BBC News
Friday, 28 November, 2003

Gay Cubans fight own Aids battle

 
                          By Stephen Gibbs
                          BBC Correspondent in Cuba

                 Take an evening stroll down the Malecon, Havana's crumbling
                 seafront promenade, and you will eventually come across a
                 large crowd.

                 Get a little closer, and you will see that it is made up of young
                 Cubans. All men.

                 The spot, just in front of the grand Hotel Nacional, has
                 become the main meeting point for Havana's homosexuals.

                 The fact that they are there at all reflects a marked change in
                 Cuban society.

                 In the 1970s, being openly gay on this communist island would
                 have made your life extremely difficult.

                 Homosexuality, like religion, was considered "anti-revolutionary".
                 Notoriously, some gays were forced to work in labour camps.
                 Others fled the country.

                 Aids threat

                 Now homosexuals are tolerated, if not fully accepted.

                 There are no gay bars or discos in Havana - one reason why so
                 many gay men congregate on the Malecon.

                 Most of those there when I visited seemed to accept that they
                 are no longer victimised by the government. But they are
                 becoming victims of another kind.

                 Two-thirds of all Cubans with Aids are homosexual men.

                 Fortunately the number is still very small. Cuba has one of the
                 very lowest HIV infection rates in the world.

                 That is thanks to a controversial quarantine policy in the early
                 1980s, an excellent public health system, and a largely
                 non-travelling, non-drug-injecting population.

                 But it is rising. And it is rising fastest among gay men.

                 Helping themselves

                 Cubans who work with Aids patients have expressed concern
                 that this still homophobic society is not doing enough to educate
                 the people who are affected most by Aids.

                 Alberto Rosabal works at the Los Cocos Sanitorium, where many
                 of those from Havana who have tested HIV-positive live. Eighty
                 percent of the residents are gay men.

                 "I think that our society is not prepared to speak freely about
                 gays, about gay activity, about the gay risk of having HIV," he
                 says.

                 "Maybe it is because of our historic origins from Spain and
                 Africa, but almost all the population have homophobia as
                 a rule in their minds."

                 It is noticeable that in the lobby of Cuba's national Aids prevention
                 office, there are several posters on display portraying attractive
                 heterosexual couples. None showing gay men.
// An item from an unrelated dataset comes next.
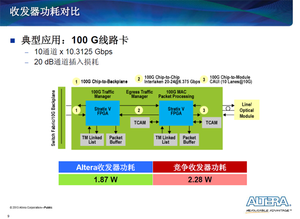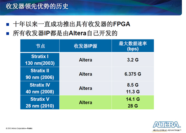 从2003年,Altera在Stratix I 集成3.2Gb/s收发器以来,Altera的所有收发器IP都是自己开发的,Altera通过架构设计专门对收发器功耗做了改进,取得了丰硕的成果。在Stratix V具有28GGb/s芯片至芯片收发器,支持新的CFP2 100GGb/s光模块连接,支持14.1GGb/s背板收发器,应用扩展到数据中心、存储器市场、网络搜索、网络安全领域。

                 It is Havana's homosexuals themselves who are taking charge of
                 informing their own community of the dangers of Aids.

                 Reluctance to use condoms

                 Most evenings a small group of them heads out to the city's parks.

                 In a project back by Cuba's public health ministry, they hand out
                 condoms and advice to the gay men that frequent the area. Many
                 of those they talk to are prostitutes - young men taking
                 advantage of one side of Cuba's expanding tourism industry.

                 Manuel, one of the volunteers, says that in a country so proud to
                 be almost Aids-free, there is a remarkably casual attitude
                 towards safe sex.

                 All Cuban men, he adds, are reluctant to use condoms - "a macho
                 thing," he believes. "My work is to make sure people know the
                 risks they are facing."

                 His is a small, but important, effort - trying to ensure that the
                 battle which Cuba thought it had won, is not belatedly lost.